That language was used in a case in which it was held .that a bill in equity against persons holding a fund in trust for the common benefit of the members of a voluntary association living together as a community cannot, whether the trust is lawful or unlawful, be maintained by one who has left the vicinity and for 50 years after-wards has taken no step to-claim any interest in the fund; and the court quoted the language of Lord Camden in Smith v. Clay, 3 Bro. Ch. 640, as follows:
“A court of equity has always refused its aid to stale demands, where the party slept upon his rights and acquiesced for a great leugth of time. Nothing can call forth this court into activity but conscience, good faith, and reasonable diligence. Where these are wanting, the court is passive, and does nothing. Laches and neglect are always discountenanced; and therefore, from the beginning of this jurisdiction, there was always a limitation to suits in this court.”

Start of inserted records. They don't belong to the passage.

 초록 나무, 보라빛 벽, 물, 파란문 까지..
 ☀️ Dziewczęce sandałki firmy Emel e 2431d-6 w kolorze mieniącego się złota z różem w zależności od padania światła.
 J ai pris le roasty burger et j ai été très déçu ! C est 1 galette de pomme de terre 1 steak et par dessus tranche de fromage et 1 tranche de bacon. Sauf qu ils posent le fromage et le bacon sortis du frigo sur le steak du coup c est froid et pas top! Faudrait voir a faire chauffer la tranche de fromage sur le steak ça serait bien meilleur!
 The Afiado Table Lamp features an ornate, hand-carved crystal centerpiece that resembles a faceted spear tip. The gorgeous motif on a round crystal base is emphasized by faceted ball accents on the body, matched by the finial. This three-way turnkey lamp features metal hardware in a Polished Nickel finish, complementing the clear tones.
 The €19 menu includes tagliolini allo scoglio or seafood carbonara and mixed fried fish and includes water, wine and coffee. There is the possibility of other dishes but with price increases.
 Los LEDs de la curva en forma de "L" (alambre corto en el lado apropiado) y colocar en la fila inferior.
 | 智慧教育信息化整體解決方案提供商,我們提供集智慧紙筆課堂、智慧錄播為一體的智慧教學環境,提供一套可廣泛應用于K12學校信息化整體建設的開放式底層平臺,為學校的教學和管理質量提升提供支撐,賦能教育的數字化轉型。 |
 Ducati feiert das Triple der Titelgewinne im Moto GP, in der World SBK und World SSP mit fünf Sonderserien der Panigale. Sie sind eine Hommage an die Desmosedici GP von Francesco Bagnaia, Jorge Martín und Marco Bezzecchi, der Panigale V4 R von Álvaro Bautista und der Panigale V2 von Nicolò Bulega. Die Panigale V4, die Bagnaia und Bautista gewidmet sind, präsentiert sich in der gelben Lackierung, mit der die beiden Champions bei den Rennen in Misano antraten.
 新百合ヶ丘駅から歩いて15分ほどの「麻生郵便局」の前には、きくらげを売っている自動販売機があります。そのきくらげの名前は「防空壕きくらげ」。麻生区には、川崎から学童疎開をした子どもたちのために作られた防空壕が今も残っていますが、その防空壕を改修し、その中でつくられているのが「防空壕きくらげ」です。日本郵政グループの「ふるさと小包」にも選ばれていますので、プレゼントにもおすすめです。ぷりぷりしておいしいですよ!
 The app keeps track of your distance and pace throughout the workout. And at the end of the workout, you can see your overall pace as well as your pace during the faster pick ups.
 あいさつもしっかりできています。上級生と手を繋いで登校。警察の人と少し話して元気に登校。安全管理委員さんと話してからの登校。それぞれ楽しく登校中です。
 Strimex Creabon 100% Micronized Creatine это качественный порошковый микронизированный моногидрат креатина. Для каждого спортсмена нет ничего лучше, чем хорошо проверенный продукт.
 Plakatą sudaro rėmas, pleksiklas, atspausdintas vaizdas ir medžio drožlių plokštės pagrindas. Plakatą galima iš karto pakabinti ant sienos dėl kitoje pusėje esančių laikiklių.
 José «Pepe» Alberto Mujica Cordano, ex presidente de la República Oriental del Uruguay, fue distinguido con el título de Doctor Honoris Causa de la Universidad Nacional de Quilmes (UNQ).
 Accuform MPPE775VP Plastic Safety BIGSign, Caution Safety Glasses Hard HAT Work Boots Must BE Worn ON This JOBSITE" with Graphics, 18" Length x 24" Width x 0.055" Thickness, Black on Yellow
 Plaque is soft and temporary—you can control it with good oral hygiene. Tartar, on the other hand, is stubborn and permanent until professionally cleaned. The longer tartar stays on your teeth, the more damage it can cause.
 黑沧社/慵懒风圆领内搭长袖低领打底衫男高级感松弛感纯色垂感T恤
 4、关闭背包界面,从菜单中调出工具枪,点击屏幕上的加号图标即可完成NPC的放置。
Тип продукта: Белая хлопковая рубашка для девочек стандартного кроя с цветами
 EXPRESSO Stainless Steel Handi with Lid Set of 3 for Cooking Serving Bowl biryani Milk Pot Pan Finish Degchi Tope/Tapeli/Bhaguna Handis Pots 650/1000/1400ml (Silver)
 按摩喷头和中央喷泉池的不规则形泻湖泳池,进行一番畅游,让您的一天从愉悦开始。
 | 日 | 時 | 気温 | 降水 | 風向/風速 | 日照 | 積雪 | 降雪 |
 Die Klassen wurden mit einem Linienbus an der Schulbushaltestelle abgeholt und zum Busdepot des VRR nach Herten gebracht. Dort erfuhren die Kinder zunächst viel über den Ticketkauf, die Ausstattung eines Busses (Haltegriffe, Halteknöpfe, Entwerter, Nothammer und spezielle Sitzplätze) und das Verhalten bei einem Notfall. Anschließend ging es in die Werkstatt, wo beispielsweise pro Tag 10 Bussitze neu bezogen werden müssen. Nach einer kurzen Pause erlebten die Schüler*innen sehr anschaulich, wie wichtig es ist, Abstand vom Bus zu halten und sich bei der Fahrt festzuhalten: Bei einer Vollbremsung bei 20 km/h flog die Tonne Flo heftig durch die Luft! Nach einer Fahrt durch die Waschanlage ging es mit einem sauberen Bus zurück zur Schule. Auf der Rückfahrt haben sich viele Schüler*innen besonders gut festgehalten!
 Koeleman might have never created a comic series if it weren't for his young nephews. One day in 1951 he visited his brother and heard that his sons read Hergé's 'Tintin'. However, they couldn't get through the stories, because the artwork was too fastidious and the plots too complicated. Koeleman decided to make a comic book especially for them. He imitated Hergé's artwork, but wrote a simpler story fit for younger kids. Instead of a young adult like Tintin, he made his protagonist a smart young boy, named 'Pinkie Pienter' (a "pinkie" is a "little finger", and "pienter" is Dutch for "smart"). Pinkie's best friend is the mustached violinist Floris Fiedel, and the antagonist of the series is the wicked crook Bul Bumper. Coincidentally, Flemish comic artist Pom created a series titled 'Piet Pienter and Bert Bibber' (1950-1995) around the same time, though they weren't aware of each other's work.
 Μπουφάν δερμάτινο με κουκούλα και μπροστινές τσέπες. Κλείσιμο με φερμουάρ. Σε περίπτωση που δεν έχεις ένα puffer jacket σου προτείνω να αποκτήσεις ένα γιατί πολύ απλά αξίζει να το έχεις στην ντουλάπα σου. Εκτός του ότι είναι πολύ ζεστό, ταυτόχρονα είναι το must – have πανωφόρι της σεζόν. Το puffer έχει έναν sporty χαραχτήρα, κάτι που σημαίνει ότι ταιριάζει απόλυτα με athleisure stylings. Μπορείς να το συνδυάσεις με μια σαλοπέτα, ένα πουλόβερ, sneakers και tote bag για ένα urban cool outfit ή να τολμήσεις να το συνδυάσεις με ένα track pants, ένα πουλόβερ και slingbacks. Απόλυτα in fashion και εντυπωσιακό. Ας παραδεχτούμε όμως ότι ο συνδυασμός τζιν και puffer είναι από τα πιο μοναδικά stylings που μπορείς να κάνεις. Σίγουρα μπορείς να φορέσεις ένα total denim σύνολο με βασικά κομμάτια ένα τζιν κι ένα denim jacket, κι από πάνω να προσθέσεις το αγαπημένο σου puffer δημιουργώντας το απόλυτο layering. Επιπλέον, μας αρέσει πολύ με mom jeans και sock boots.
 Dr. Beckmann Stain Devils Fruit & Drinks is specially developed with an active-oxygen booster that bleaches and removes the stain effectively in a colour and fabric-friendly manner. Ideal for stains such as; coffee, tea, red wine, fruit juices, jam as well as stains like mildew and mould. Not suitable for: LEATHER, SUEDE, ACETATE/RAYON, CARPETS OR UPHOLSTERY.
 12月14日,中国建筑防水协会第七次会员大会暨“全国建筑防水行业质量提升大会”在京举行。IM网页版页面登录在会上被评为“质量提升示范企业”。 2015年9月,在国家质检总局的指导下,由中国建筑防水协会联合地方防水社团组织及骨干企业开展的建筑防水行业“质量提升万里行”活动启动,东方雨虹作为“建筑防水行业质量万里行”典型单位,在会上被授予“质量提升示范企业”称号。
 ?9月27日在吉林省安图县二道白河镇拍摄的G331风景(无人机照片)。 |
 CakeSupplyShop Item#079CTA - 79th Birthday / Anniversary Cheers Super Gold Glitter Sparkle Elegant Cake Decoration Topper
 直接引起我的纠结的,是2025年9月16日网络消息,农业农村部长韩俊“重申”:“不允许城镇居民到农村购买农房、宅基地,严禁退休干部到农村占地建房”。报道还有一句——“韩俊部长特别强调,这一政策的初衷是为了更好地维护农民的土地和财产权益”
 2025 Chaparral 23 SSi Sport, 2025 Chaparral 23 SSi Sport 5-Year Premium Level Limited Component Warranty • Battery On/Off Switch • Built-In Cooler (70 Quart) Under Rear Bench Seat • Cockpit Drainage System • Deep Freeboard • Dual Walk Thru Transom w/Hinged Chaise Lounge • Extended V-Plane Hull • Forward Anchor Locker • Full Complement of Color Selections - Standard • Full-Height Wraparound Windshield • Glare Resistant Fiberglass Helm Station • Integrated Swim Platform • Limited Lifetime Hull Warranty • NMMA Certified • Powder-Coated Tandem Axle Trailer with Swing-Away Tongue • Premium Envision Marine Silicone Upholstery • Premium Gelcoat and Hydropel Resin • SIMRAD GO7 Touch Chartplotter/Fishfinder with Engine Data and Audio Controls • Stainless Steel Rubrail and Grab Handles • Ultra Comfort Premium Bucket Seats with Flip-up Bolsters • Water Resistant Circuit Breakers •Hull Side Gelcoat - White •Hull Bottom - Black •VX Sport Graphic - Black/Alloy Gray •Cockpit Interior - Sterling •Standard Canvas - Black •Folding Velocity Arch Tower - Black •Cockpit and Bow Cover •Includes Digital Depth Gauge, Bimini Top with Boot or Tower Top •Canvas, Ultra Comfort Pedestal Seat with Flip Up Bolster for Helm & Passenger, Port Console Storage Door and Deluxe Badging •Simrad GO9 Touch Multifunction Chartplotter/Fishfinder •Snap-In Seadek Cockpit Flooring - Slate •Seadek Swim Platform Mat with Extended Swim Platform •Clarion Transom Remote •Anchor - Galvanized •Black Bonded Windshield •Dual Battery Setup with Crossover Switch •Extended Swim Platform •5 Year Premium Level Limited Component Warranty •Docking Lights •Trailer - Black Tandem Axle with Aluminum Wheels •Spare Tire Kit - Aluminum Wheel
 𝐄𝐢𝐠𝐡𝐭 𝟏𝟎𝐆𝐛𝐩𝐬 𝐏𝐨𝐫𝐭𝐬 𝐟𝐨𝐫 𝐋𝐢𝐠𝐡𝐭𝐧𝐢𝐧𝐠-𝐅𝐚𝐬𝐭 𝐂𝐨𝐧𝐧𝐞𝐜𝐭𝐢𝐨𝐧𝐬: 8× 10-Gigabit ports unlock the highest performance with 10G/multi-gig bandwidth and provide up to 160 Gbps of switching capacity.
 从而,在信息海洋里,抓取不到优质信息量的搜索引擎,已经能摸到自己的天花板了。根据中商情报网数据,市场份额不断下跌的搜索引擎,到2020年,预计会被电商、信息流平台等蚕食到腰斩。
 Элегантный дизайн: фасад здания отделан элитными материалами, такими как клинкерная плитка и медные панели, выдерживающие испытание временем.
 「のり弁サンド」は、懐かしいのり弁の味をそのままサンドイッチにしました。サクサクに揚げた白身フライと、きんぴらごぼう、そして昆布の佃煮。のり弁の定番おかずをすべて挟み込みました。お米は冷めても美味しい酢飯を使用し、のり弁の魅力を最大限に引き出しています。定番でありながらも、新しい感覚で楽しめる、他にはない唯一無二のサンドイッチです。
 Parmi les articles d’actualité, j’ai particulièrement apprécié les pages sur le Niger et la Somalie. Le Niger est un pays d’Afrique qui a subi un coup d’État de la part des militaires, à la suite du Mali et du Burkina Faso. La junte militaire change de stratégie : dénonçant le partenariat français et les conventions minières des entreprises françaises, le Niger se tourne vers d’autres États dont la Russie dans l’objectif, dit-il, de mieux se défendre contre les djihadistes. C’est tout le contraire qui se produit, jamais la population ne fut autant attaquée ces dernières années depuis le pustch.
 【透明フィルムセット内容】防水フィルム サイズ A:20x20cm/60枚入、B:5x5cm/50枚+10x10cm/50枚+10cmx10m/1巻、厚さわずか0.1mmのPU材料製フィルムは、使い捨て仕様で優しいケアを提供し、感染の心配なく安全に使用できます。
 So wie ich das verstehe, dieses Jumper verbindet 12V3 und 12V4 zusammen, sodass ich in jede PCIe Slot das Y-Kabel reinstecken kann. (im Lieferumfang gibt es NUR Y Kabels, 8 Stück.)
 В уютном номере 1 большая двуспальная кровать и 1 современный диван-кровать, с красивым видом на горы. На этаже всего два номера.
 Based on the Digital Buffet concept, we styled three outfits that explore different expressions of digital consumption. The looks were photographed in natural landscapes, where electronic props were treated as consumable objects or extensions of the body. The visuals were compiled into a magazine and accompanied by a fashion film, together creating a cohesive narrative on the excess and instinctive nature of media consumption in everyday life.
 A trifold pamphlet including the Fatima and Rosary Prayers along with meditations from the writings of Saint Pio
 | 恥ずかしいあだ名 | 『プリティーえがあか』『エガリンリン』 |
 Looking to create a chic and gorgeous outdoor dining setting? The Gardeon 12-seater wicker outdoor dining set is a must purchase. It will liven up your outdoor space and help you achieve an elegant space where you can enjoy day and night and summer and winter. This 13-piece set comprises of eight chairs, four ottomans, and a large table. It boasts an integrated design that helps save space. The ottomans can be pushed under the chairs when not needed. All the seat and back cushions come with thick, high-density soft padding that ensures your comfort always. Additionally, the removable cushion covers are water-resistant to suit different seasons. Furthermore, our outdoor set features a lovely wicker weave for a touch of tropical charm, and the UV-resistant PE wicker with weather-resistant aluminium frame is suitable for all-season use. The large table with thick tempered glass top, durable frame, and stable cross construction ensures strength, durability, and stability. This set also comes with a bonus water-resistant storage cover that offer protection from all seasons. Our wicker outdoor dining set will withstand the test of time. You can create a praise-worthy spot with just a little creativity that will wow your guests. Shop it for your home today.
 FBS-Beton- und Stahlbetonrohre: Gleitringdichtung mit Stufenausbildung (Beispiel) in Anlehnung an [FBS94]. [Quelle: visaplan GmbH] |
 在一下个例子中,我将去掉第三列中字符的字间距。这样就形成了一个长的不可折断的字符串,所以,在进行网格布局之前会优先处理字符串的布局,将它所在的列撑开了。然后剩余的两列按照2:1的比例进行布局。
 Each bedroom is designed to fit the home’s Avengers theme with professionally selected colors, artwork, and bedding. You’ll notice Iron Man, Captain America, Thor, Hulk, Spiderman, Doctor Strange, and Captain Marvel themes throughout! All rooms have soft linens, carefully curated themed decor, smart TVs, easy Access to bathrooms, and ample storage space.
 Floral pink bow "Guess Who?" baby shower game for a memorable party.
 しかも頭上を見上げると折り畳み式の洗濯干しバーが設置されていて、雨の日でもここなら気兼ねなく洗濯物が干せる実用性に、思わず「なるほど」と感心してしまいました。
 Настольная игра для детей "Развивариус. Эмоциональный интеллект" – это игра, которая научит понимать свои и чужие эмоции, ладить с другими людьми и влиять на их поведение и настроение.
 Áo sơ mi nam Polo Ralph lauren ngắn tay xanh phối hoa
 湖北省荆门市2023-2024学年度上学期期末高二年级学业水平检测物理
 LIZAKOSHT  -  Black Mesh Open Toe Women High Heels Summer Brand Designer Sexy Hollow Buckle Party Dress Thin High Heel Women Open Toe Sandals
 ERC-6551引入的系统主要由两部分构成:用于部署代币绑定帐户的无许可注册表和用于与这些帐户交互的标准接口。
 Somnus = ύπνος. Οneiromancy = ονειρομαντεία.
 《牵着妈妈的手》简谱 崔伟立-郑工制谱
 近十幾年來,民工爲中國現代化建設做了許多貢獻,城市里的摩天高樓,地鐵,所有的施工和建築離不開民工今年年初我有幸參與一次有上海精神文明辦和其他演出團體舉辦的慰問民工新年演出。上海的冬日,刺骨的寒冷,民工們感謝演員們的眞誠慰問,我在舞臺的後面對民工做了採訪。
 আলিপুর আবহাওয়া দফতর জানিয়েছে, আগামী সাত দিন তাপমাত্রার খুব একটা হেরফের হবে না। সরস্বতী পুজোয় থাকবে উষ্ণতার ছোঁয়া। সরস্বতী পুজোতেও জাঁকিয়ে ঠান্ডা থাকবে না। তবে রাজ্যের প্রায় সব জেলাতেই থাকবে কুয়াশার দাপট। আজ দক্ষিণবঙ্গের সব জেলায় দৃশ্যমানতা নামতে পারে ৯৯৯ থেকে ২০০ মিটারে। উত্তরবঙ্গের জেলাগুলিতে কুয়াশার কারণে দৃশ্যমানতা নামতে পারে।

In 28 Amer. & Eng. Ency. of Law, 1134, it is said:
“But when the trust relation is terminated in any way, as by the open repudiation and disavowal of the trustee, or by some default, on his part, or by vesting of the legal title in the cestui, or in some other way, and such termination is known to the, beneficiary, then, and not until then, the possession of the trustee becomes adverse and the statute begins to run in his favor.”
In Boyd v. Munro, 32 S. C. 249, 10 S. E. 963, the court said:
“For it is well settled that even in cases of express technical trusts, where a trustee does an act expressive of an intention to repudiate, tile trust, the knowledge of which is brought home to the eestuis que trust, the statute will commence to run at that time.”
The obligation resting upon the appellee was not a mere naked trust to hold property for a cestui que trust. The trust, if there were a trust, was an active one — one which required of the appellee the prompt and diligent performance of certain prescribed acts. According to the bill it not only failed to perform these duties, but at least as early as 1881 it failed to protect the interest of its eestuis que trust-ent and to intervene in defense of a suit to enjoin its tax collector from collecting the assessments. All these acts, public as they were, and not alleged to have been unknown to the appellant at the time thereof, constituted a repudiation of the trust, and imposed upon the appellant the duty of timely action to protect her interests. The application of the doctrine that equity will withhold relief from those who have delayed the assertion of their rights depends upon the circumstances of each case. It does not always depend upon mere lapse of time. It involves, also, the question of change of situation which occurring during neglectful repose may render relief inequitable. The real parties in interest here, the parties to be affected by the relief which is sought, are the owners of the land included in the district made taxable for the improvement. In the years that have passed since the maturity of the bonds and coupons it is reasonable to assume that a very considerable portion of that land may have been conveyed or *447Incumbered and that extensive improvements may have been made thereon. There was evidently nothing of record to indicate that, when so sold or incumbered or improved, such lands were to be subjected to the taxation which the appellant now seeks to impose upon them. Every consideration of justice and equity required the appellant to move more promptly for the protection of her rights. More than a score of years before this suit was commenced she had her legal remedy by an action at law to obtain judgment upon the unpaid coupons preliminary to compelling the collection of taxes for their payment. Instead of so doing, she chose to wait until the great lapse of time and the changed situation of the parties in interest have rendered inequitable the interposition of a court of equity in her behalf.
The decree is affirmed.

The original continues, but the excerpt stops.